With National Popular Vote, elections wouldn’t be about winning states or districts (in ME and NE). No more distorting and divisive red and blue state and district maps. Every vote, everywhere would be counted for and directly assist the candidate for whom it was cast.

In Gallup polls since 1944, only about 20% of the public has supported the current system of awarding all of a state’s electoral votes to the presidential candidate who receives the most votes in each separate state (with about 70% opposed and about 10% undecided). The recent Washington Post, Kaiser Family Foundation, and Harvard University poll shows 72% support for direct nationwide election of the President. Support is strong in virtually every state, partisan, and demographic group surveyed iin recent polls in closely divided battleground states: CO– 68%, IA –75%, MI– 73%, MO– 70%, NH– 69%, NV– 72%, NM– 76%, NC– 74%, OH– 70%, PA — 78%, VA — 74%, and WI — 71%; in smaller states (3 to 5 electoral votes): AK – 70%, DC – 76%, DE –75%, ME — 77%, NE — 74%, NH –69%, NV — 72%, NM — 76%, RI — 74%, and VT — 75%; in Southern and border states: AR –80%, KY — 80%, MS –77%, MO — 70%, NC — 74%, and VA — 74%; and in other states polled: CA — 70%, CT — 74% , MA — 73%, MN – 75%, NY — 79%, WA — 77%, and WV- 81%.

On Election Night, most voters don’t care whether their presidential candidate wins or loses in their state or district… they care whether he/she wins the White House.
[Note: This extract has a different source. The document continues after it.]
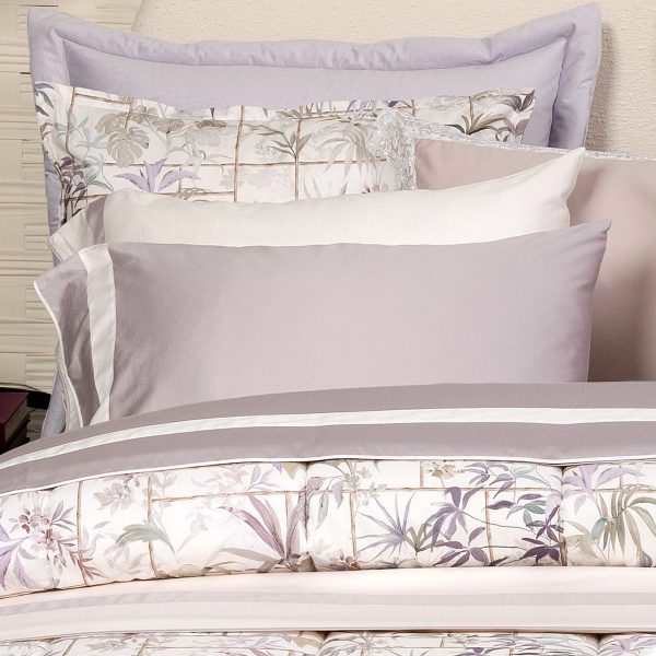 Jogo de lençóis lilás com aplicação de barra e vivo cor pérola no lençol de cima e nas almofadas, num lado.

Voters want to know, that even if they were on the losing side, their vote actually was directly and equally counted and mattered to their candidate. Most Americans consider the idea of the candidate with the most popular votes being declared a loser detestable. We don’t allow this in any other election in our representative republic.
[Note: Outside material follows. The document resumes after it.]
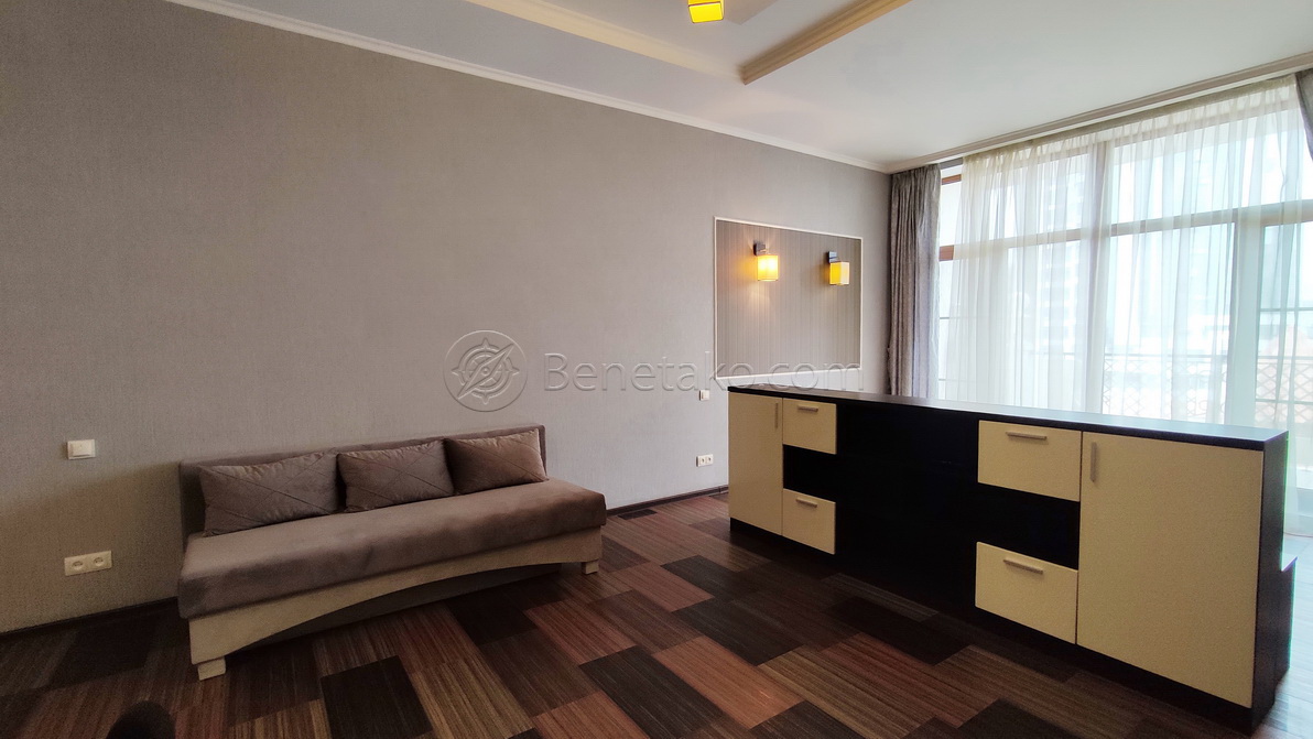 Студия в Ж/К "Аркадийский дворец", ул. Аркадийское плато, 5/3, 4/12 эт. дома, общая площадь 59 кв. м. Терраса, необходимая мебель и бытовая техника.

The bill has passed 31 state legislativ­e chambers, in 21 small, medium-sma­ll, medium, and large states, including one house in AR, CT, DE, DC, ME, MI, NV, NM, NY, NC, and OR, and both houses in CA, CO, HI, IL, NJ, MD, MA, RI, VT, and WA. The bill has been enacted by DC (3), HI (4), IL (19), NJ (14), MD (11), MA (10), CA (55), VT (3), and WA (13). These 9 jurisdicti­ons possess 132 electoral votes — 49% of the 270 necessary to bring the law into effect.